GenAI Weekly — Edition 21

GenAI Weekly — Edition 21

Your Weekly Dose of Gen AI: News, Trends, and Breakthroughs

Stay at the forefront of the Gen AI revolution with Gen AI Weekly! Each week, we curate the most noteworthy news, insights, and breakthroughs in the field, equipping you with the knowledge you need to stay ahead of the curve.

? Click subscribe to be notified of future editions


Checkbox extraction from PDFs using LLMWhisperer

From the Unstract blog:

Processing PDF forms involves extracting and interpreting elements like checkboxes and radio buttons, which is essential for automating business processes. These forms can be native PDFs, scanned paper documents, or images taken with smartphones. This article explores methods for extracting and interpreting both native text and scanned image formats of PDF documents.


Meta plans to release a 403-b parameter Llama-3 model by end of July

Matthias Bastian writing for The Decoder:

Matthias Bastian

The 405-billion-parameter model will be multimodal, capable of processing both images and text, reports The Information. This means that the model should be able to generate new images from a combination of images and text, for example. Previous Lama models were limited to text generation.
There were rumors that Meta would not make the weights of the 400 billion model available. AI leaker Jimmy Apples reported on X about alleged objections from Facebook co-founder Dustin Moskovitz to Mark Zuckerberg.
Despite these objections, Meta "apparently at the moment of this update" decided to publish the model, including the weights, as open source, according to Jimmy Apples.
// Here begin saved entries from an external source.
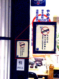 | 喫煙可能だった店舗を、平成15年5月の健康増進法の施行をきっかけに、5月下旬に店舗内に禁煙化について掲示するなど周知し、5店舗を除いて一斉に店舗内禁煙とした(写真18−1〜3)。 |
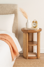 Bring warmth and texture to your space with the Round Wooden Side Table — a perfect blend of boho elegance and everyday functionality. Featuring handcrafted cane detailing and a solid wood frame, this accent table adds natural charm to any setting.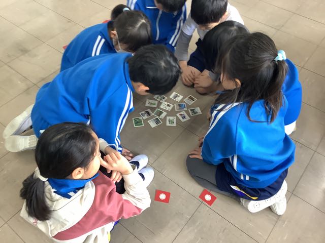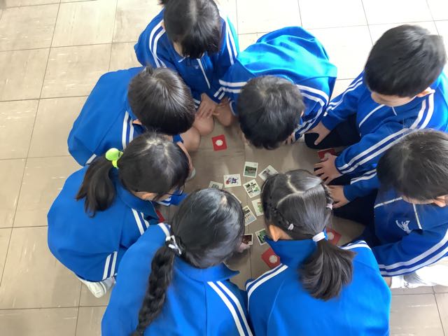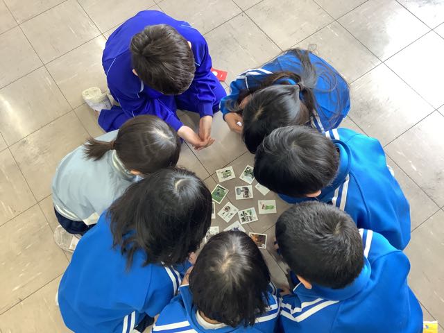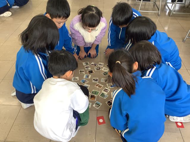 本日、新春かるた大会をしました。今日使ったかるたは、西尾の海や山、まち、歴史と文化などがまとめられた「まるっとみどころ西尾かるた」です。かるた大会は、3つのグループに分かれて、同時に行いました。「はい!」という声が響き渡る、白熱した勝負でした。1番多い子は、13枚も取ることができました。とても盛り上がっていたので、クラス会などでも取り組んでいきたいと思います。
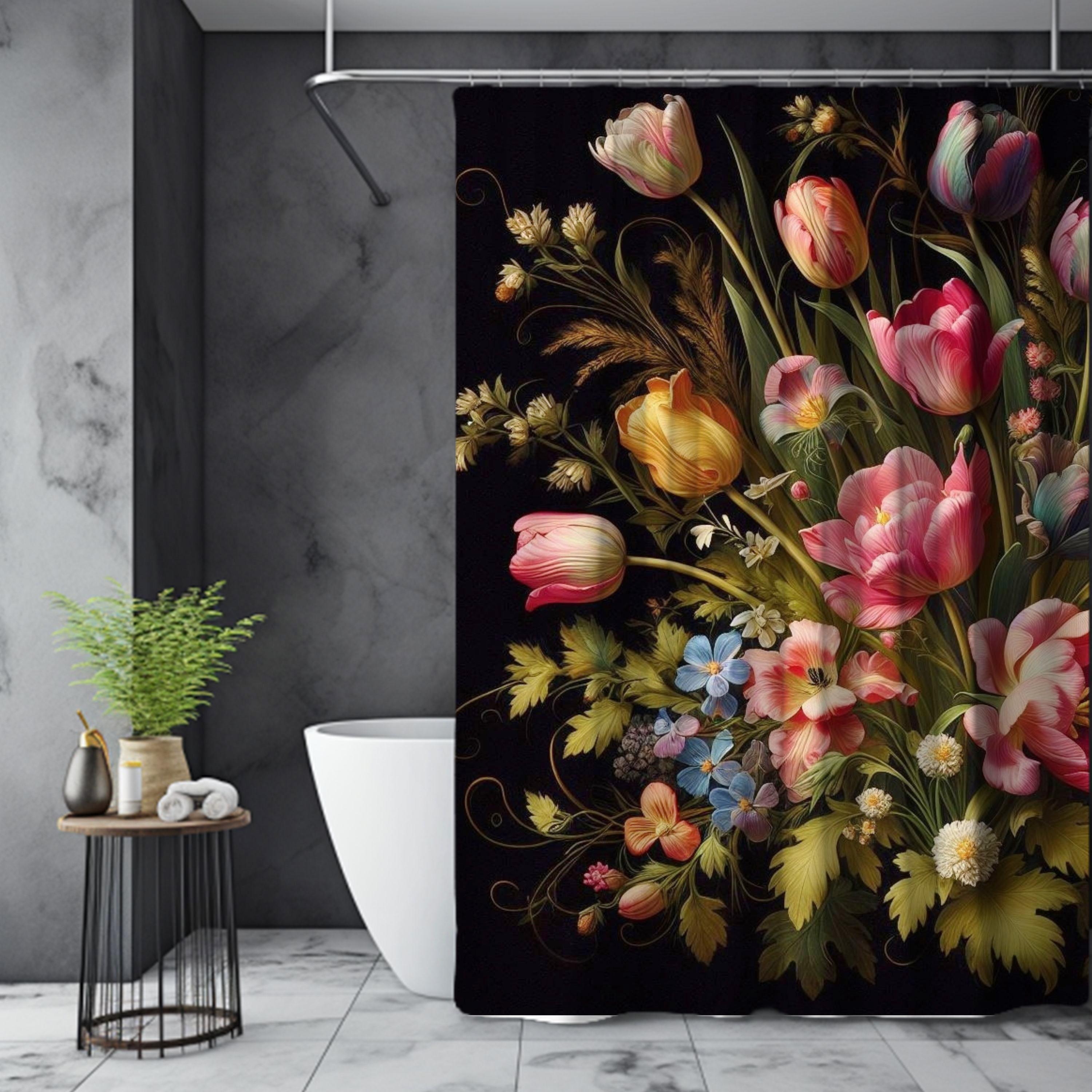 Dark Floral Shower Curtain Vintage Tulips Bathroom Decor Dark Cotta...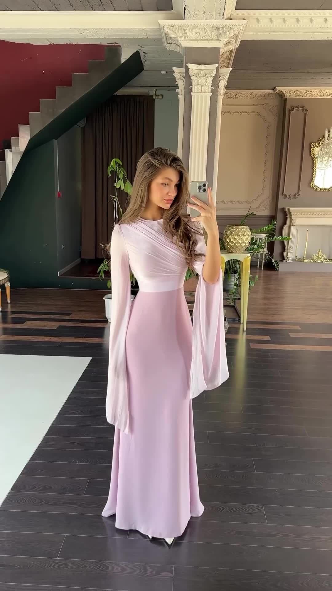 👗 Drapeli üst tasarımı ve dökümlü kollarıyla asil bir görünüm sunar.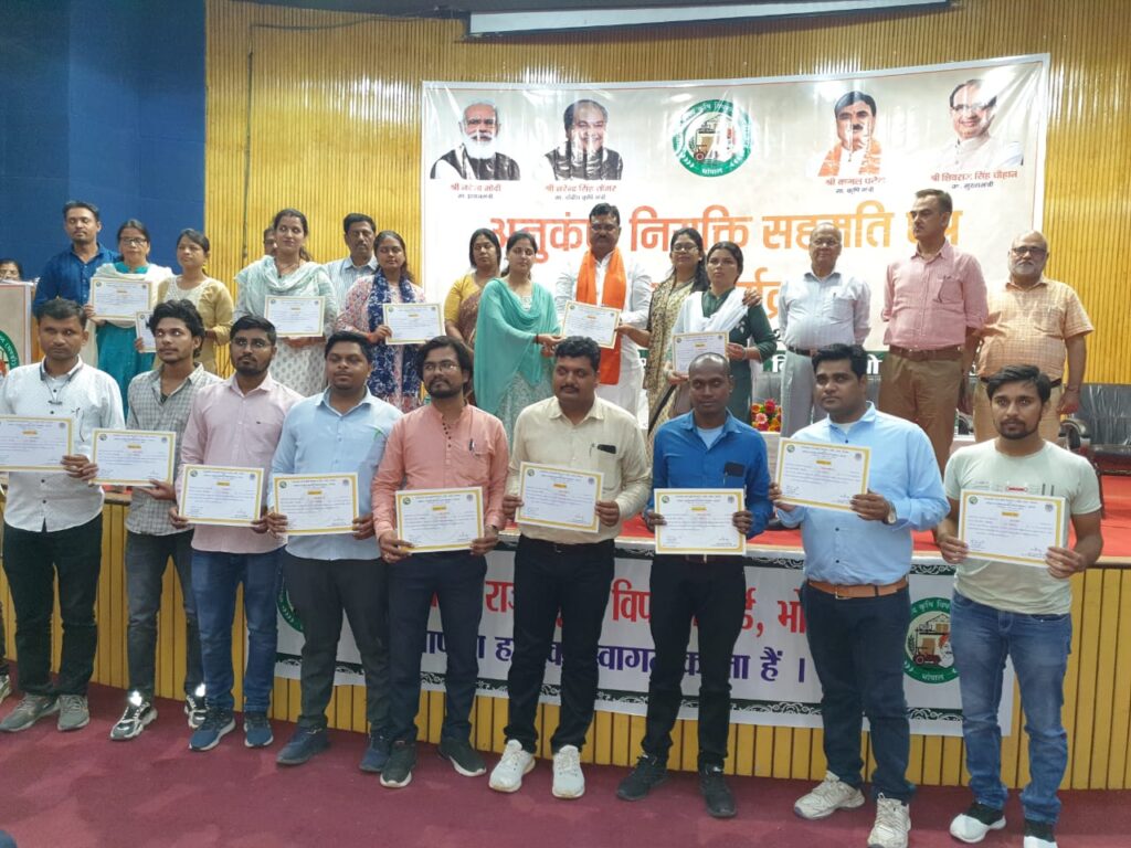 जिसमें सहायक ग्रेड-03 के 20 पदों तथा भृत्य/चौकीदार के 04 पदों पर अनुकंपा नियुक्ति पत्र प्रदान किये गये। अनुकम्पा नियुक्ति के इन लाभार्थियों के साथ-साथ माननीय मंत्री महोदय द्वारा अभी तक कुल 203 आश्रितों को अनुकम्पा नियुक्तियां प्रदान की जा चुकी है।

My take on this: I wonder how performance scales in relation to the number of parameters. This releases should provide us more insights in this regard.
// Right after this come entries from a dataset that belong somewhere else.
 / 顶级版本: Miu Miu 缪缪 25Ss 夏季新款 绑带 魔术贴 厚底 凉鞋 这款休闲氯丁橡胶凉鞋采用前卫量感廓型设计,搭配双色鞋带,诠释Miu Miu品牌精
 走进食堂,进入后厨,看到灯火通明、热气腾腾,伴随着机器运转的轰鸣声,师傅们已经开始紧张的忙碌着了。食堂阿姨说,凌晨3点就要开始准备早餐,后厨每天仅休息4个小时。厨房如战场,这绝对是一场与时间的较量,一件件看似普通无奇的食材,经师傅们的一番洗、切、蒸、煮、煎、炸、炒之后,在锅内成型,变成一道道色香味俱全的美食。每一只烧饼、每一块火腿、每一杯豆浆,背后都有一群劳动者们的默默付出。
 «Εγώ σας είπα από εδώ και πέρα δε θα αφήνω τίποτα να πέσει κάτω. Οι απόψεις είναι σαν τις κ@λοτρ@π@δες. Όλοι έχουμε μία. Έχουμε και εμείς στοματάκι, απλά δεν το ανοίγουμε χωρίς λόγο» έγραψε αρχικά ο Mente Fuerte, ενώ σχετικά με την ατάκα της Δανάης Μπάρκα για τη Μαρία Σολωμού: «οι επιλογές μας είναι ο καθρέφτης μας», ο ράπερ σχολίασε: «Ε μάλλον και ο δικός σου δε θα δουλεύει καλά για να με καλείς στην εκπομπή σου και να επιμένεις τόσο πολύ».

Amazon AI chatbot Rufus is now live for all US customers

Sarah Perez writing for Techcrunch:

Sarah Perez

Amazon’s AI-powered shopping assistant, named “Rufus,” is now live for all U.S. customers in the Amazon mobile app, the retailer announced on Friday. The assistant, which lives on the bottom right of the app’s main navigation bar, is designed to offer customers help with finding products, performing product comparisons and getting recommendations on what to buy.
Rufus was initially available in beta only to select customers in the U.S. within the Amazon mobile app ahead of Friday’s launch. Now, Amazon says all shoppers in the U.S. can try it after testing the chatbot across “tens of millions of questions.”
First announced in February, the AI chatbot has been trained on Amazon’s product catalog, customer reviews, community Q&As and other public information found around the web — though Amazon isn’t disclosing specifically which websites’ data was used to help its assistant make better recommendations, or whether that included other retail websites.
Rufus itself is powered by an internal large language model (LLM) specialized for shopping, allowing customers to ask questions about products, including things like factors to consider when buying, how items are different from other products, or how well the product holds up, as described by customer reviews and other expert analysis pulled from around the web.
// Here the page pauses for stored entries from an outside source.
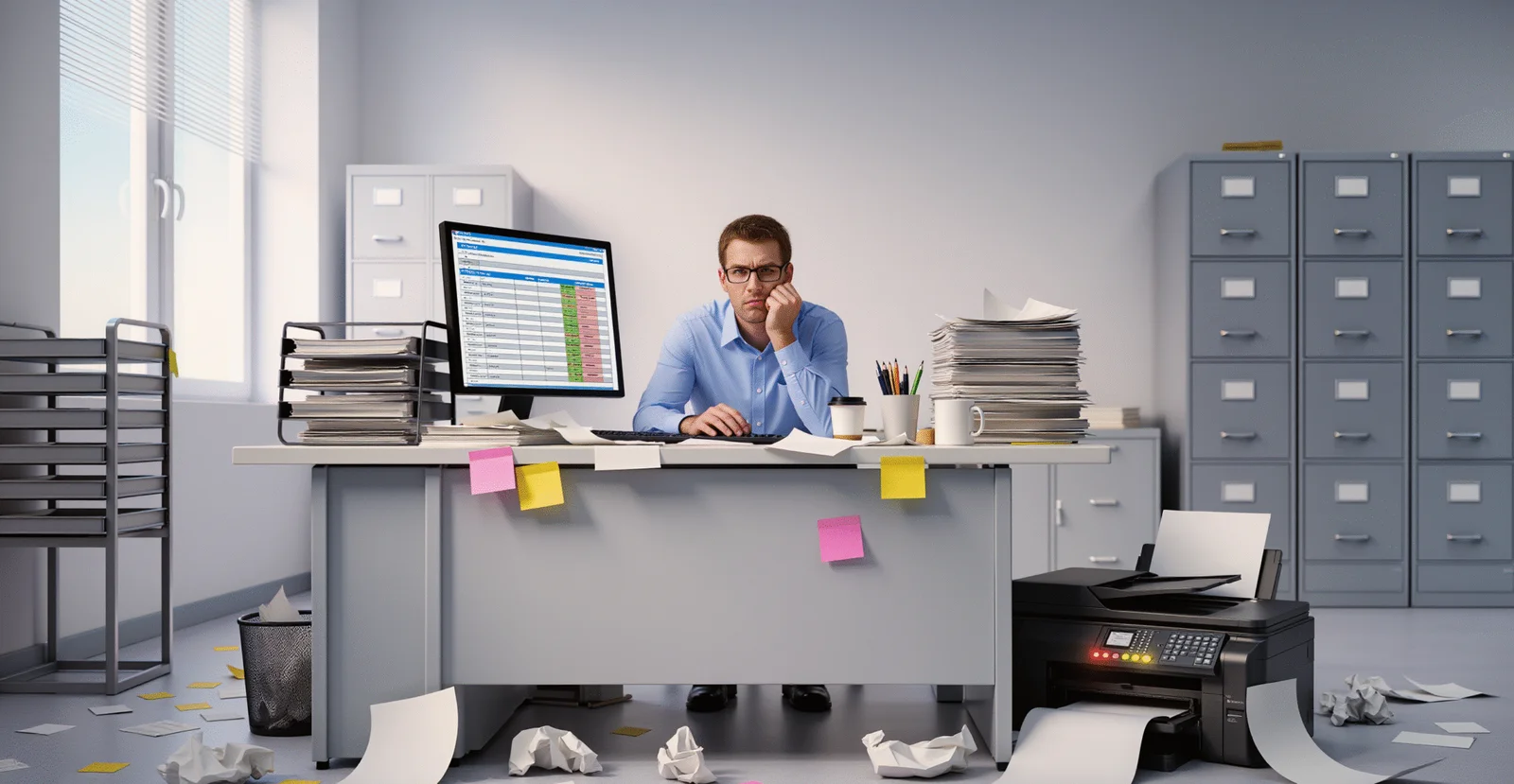 Descontrole administrativo e financeiro. Cadastros, contratos, notas e atendimentos confusos que geram retrabalho e custos fixos elevados.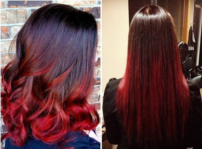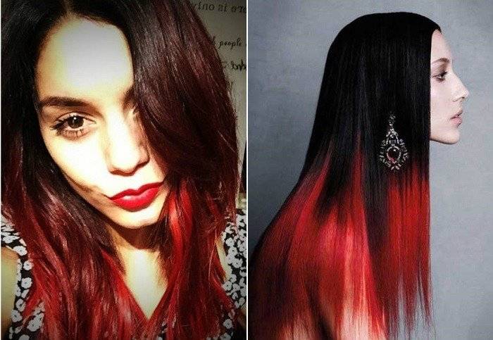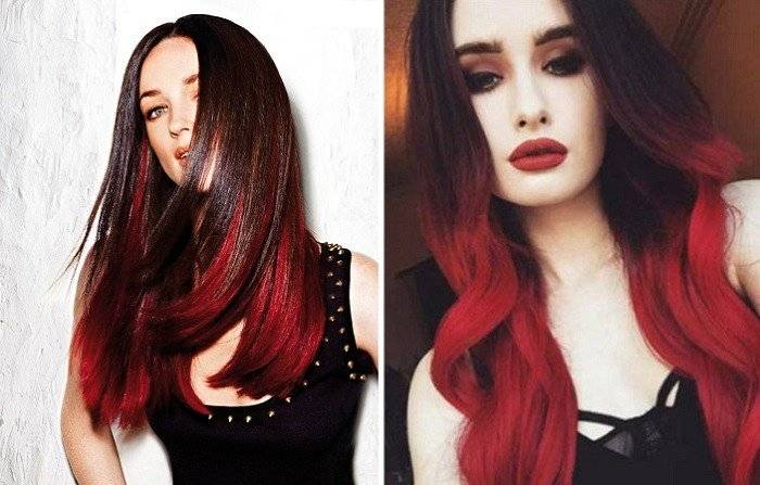 Такое окрашивание особенно хорошо смотрится на шатенках или брюнетках. Омбре «черный с красным» позволит создать образ роковой леди, при этом переход может быть как плавным (более женственный вариант), так и достаточно контрастным – его лучше делать при короткой стрижке с простыми линиями.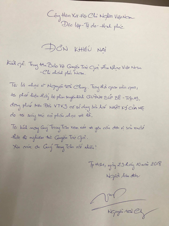 Ngày 23/10 vừa qua, nhạc sĩ Nguyễn Văn Chung đã gửi đơn khiếu nại, báo cáo vi phạm bản quyền ca khúc Nhật ký của mẹ tới Trung tâm Bảo vệ quyền tác giả âm nhạc Việt Nam (VCPMC) sau khi phát hiện bộ phim dán nhãn 18+ Quỳnh búp bê đang phát trên sóng kênh VTV3 sử dụng ca khúc này.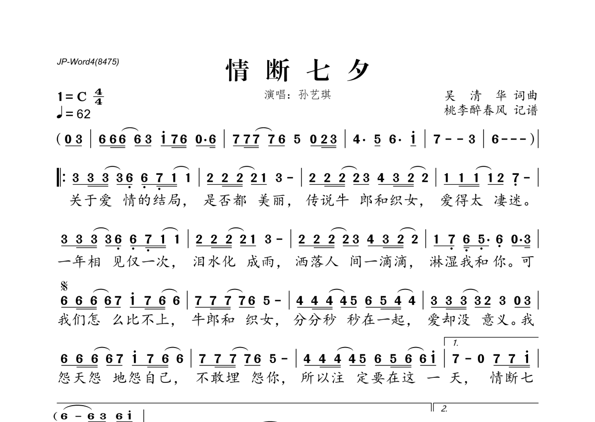 孙艺琪《情断七夕》简谱

My take on this: This tremendously reduces the friction of customers having to contact a real customer support person. This is possibly the largest roll-out of such a chat bot.


AWS App Studio promises to generate enterprise apps from a written prompt

Ron Miller writing for Techcrunch:

Ron Miller

App Studio promises to help you create an enterprise software application from a written prompt. That’s correct: You simply describe the program you want, and AWS says it will write the code for you without the need for any professional developers.
“App Studio is for technical folks who have technical expertise but are not professional developers, and we’re enabling them to build enterprise-grade apps,” Sriram Devanathan, GM of Amazon Q Apps and AWS App Studio, told TechCrunch.
Amazon defines enterprise apps as having multiple UI pages with the ability to pull from multiple data sources, perform complex operations like joins and filters, and embed business logic in them.
It is aimed at IT professionals, data engineers and enterprise architects, even product managers who might lack coding skills but have the requisite company knowledge to understand what kinds of internal software applications they might need. The company is hoping to enable these employees to build applications by describing the application they need and the data sources they wish to use.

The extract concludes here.